### Task statement
Copy the listing below in full and skip every picture.

### Material provided
-- Opening Marker --
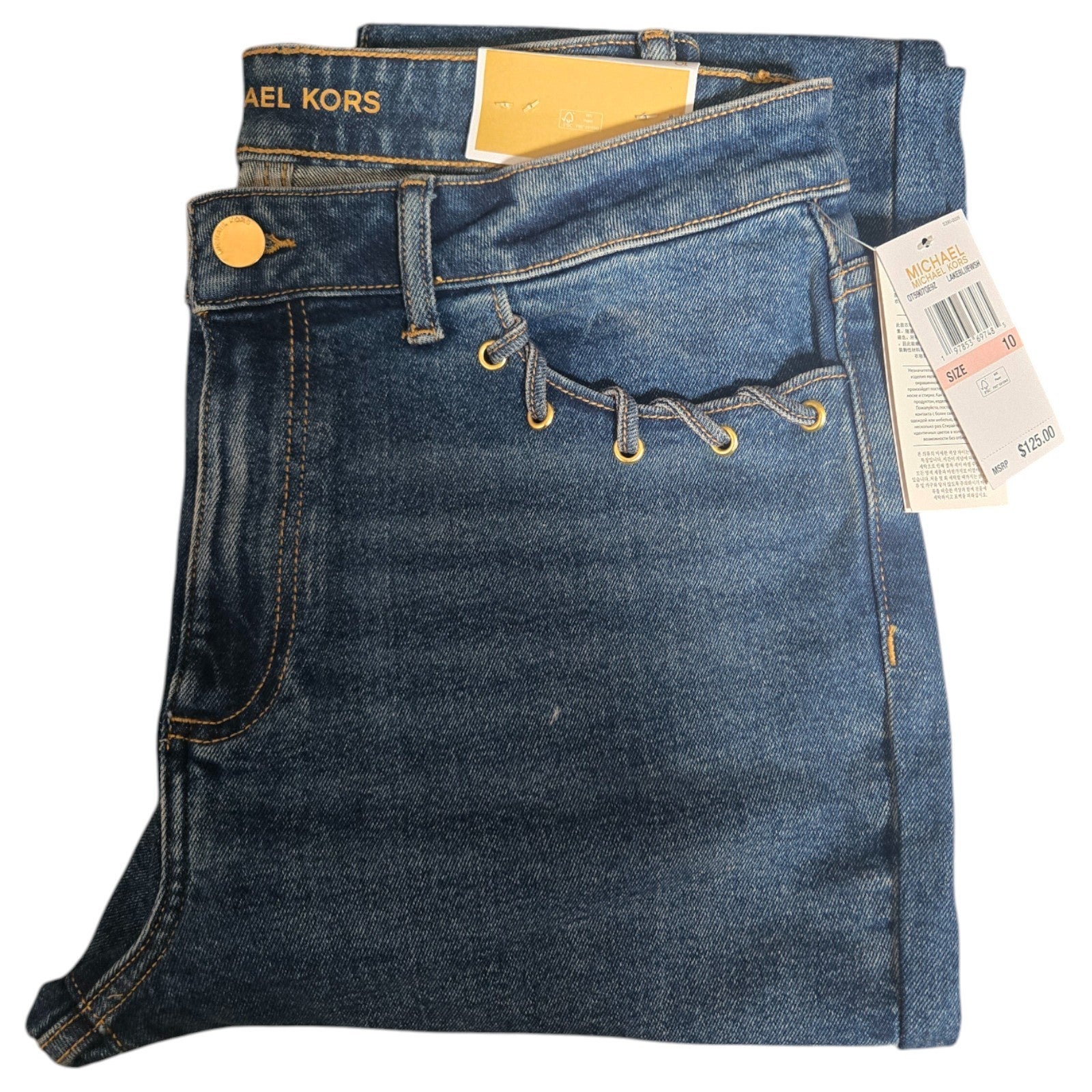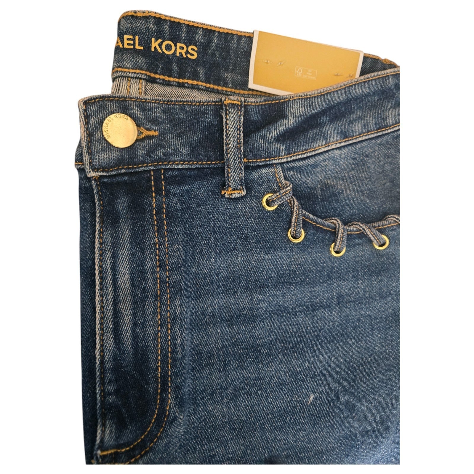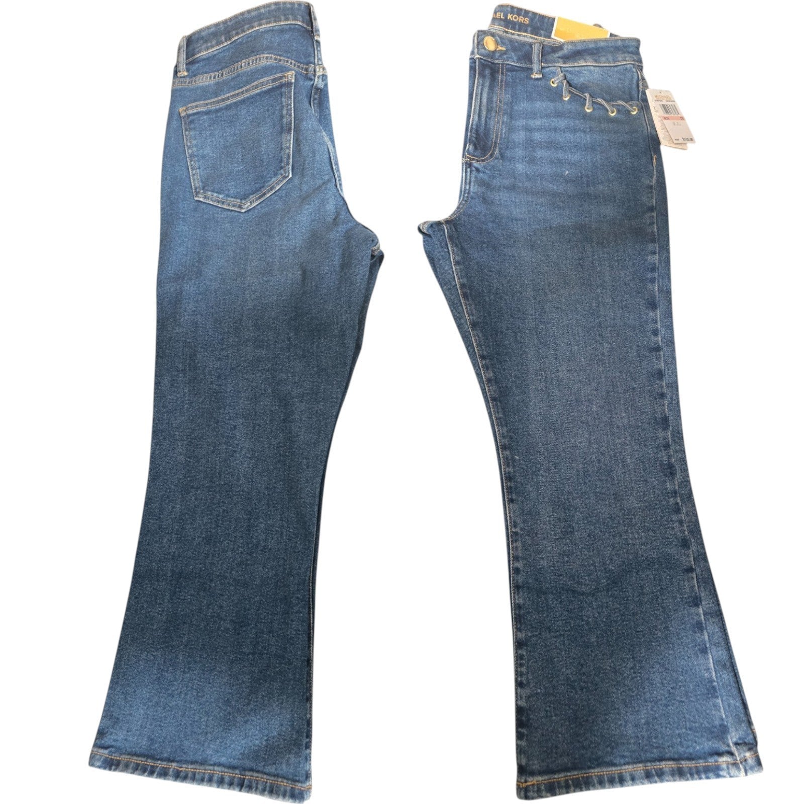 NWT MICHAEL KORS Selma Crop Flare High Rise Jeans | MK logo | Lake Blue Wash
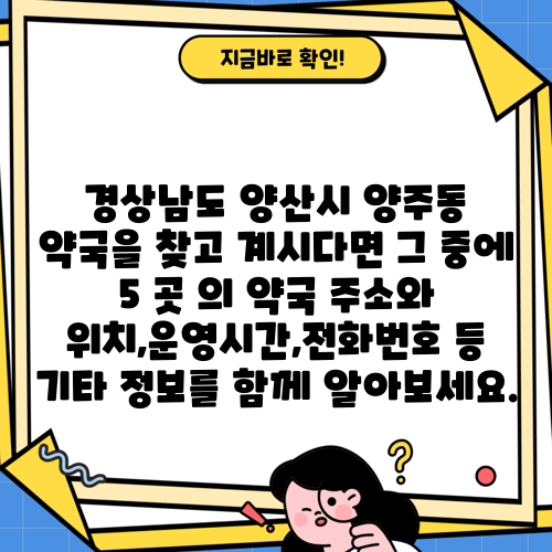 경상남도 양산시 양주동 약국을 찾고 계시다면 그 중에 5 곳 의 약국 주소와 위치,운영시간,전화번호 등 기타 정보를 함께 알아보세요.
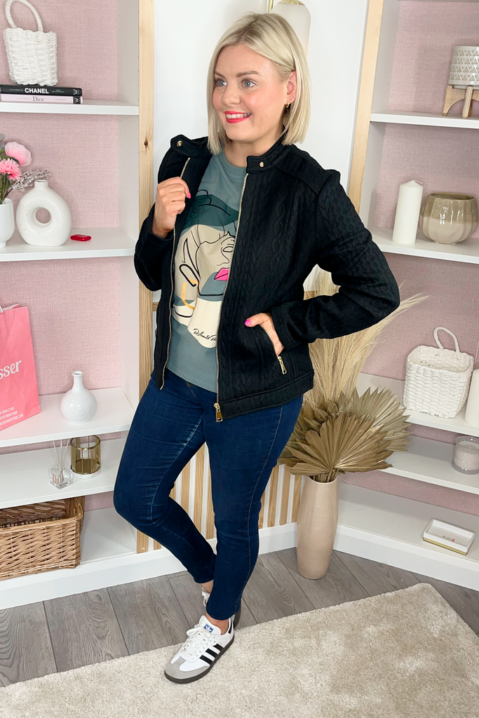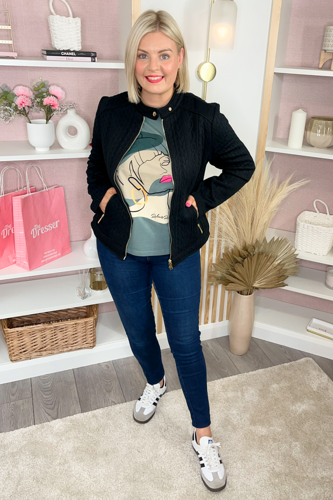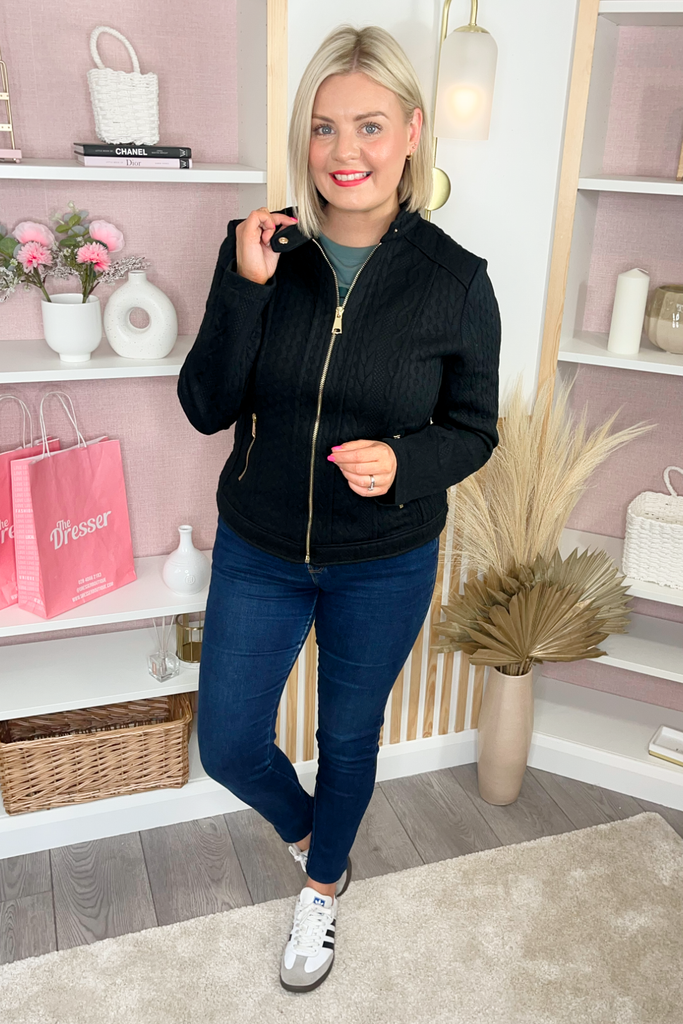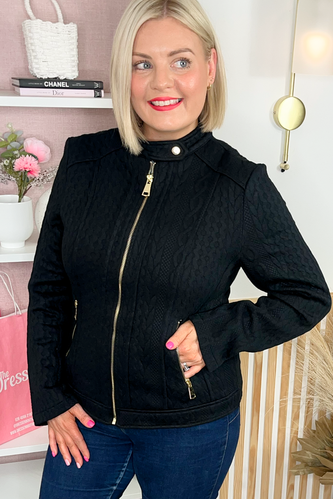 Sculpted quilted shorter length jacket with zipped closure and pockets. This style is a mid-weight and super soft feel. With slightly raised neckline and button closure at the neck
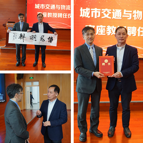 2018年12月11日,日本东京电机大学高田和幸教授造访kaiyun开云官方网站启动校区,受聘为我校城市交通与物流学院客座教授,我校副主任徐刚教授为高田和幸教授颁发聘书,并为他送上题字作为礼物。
-- Closing Marker --
### Reply to the task
 NWT MICHAEL KORS Selma Crop Flare High Rise Jeans | MK logo | Lake Blue Wash
 경상남도 양산시 양주동 약국을 찾고 계시다면 그 중에 5 곳 의 약국 주소와 위치,운영시간,전화번호 등 기타 정보를 함께 알아보세요.
 Sculpted quilted shorter length jacket with zipped closure and pockets. This style is a mid-weight and super soft feel. With slightly raised neckline and button closure at the neck
 2018年12月11日,日本东京电机大学高田和幸教授造访kaiyun开云官方网站启动校区,受聘为我校城市交通与物流学院客座教授,我校副主任徐刚教授为高田和幸教授颁发聘书,并为他送上题字作为礼物。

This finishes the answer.